Embedding Models

All embedding model providers can be configured using the following configuration options. Not all options are required for every model.

An embedding model is configured in the SETTINGS page like this, very similar to the Text Models and Image Models:

ai:
  embeddingModels:
  # Only the first model is currently used
  - name: <name>
    provider: <provider>
    modelName: <model name>
    baseUrl: <base url of api>
    requireAuth: <true or false>
    secretName: <secret name>

Options: - name: Name to use inside of silverbullet for this model. This is used to identify different versions of the same model in one config, or just to give your own custom names to them. - provider: Currently supported: OpenAI, Gemini, or Ollama. - modelName: Name of the model to send to the provider api. This should be the actual model name. - baseUrl: Base url and path of the provider api. - requireAuth: If false, the Authorization headers will not be sent. Needed as a workaround for some CORS issues with Ollama. - secretName: Name of secret to look for in SECRETS.

Enabling and Using Embeddings

Generating vector embeddings is disabled by default for privacy (and cost) reasons. It is recommended to only enable it if using a locally hosted model using Ollama or an openai-compatible api.

When turned on, every page in your space will end up being sent to the embeddings provider. We recommend using a locally-hosted model.

warning If you are not comfortable sending all of your notes to a 3rd party, do not use a 3rd party api for embeddings.

To enable generation and indexing of embeddings, add the following section to SETTINGS:

ai:
  indexEmbeddings: true
  indexEmbeddingsExcludePages:
  - my_passwords
  indexEmbeddingsExcludeStrings:
  - "**user**:"
  - "Daily Quote:"
  embeddingModels:
  # Only the first model is currently used
  - name: ollama-all-minilm
    modelName: all-minilm
    provider: ollama
    baseUrl: http://localhost:11434
    requireAuth: false

Options: - indexEmbeddings: true to enable this feature. - indexEmbeddingsExcludePages: List of exact page names to exclude from indexing. By default, pages starting with _, SECRETS, and SETTINGS are never indexed. - indexEmbeddingsExcludeStrings: List of exact strings to exclude from indexing. If a paragraph or line contains only one of these strings, it won’t be indexed. This helps from polluting search results in some cases. - embeddingModels: Explained above. Only the first model in the list is used for indexing.

After setting indexEmbeddings to true OR changing the first embeddingModels model, you must run the Space: Reindex command.

Generating and indexing note summaries

warning This is an experimental feature, mostly due to the amount of extra time and resources it takes during the indexing process. If you try it out, please report your experience!

In addition to generating embeddings for each paragraph of a note, we can also use the llm model to generate a summary of the entire note and then index that.

This can be helpful for larger notes or notes where each paragraph may not contain enough context by itself.

To enable this feature, ensure you have these options in your SETTINGS:

aiSettings:
  indexSummaryModelName: ollama-gemma2
  indexSummary: true
  textModels:
  - name: ollama-gemma2
    modelName: gemma2
    provider: openai
    baseUrl: http://localhost:11434/v1
    requireAuth: false

Options: - indexSummary: Off by default.
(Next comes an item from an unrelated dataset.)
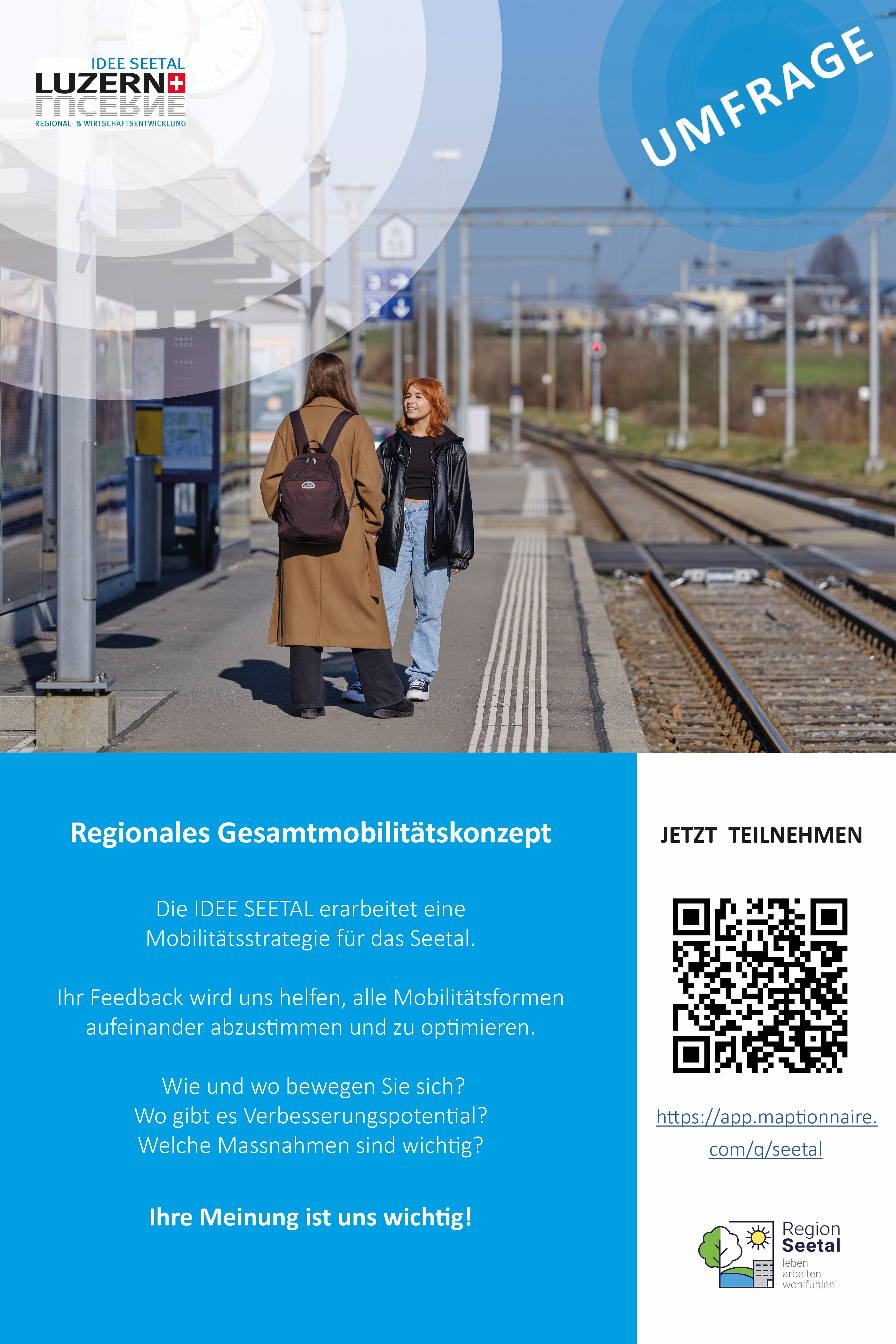 Damit das Mobilitätskonzept auf die Bedürfnisse der Bevölkerung abgestimmt werden kann, ist die Mithilfe der Seetalerinnen und Seetaler wichtig. Wie und wo bewegt man sich im Seetal? Wo gibt es Verbesserungspotenzial und welche Massnahmen wären besonders wichtig?

Set to true to start generating page summaries and indexing their embeddings. - indexSummaryModelName: Which text model to use for generating summaries. It’s recommended to use a locally hosted model since every note in your space will be sent to it.

warning If you are not comfortable sending all of your notes to a 3rd party, do not use a 3rd party api for embeddings or summary generation.

Suggested models for summary generation

info Please report your experiences with using different models!

These models have been tested with Ollama for generating note summaries, along with their quality. Please report any other models you test with and your success (or not) with them.

phi3: Can generate summaries relatively quickly, but often includes hallucinations and weird changes that don’t match the source material.
gemma2: This model is a bit bigger, but generates much better summaries than phi3.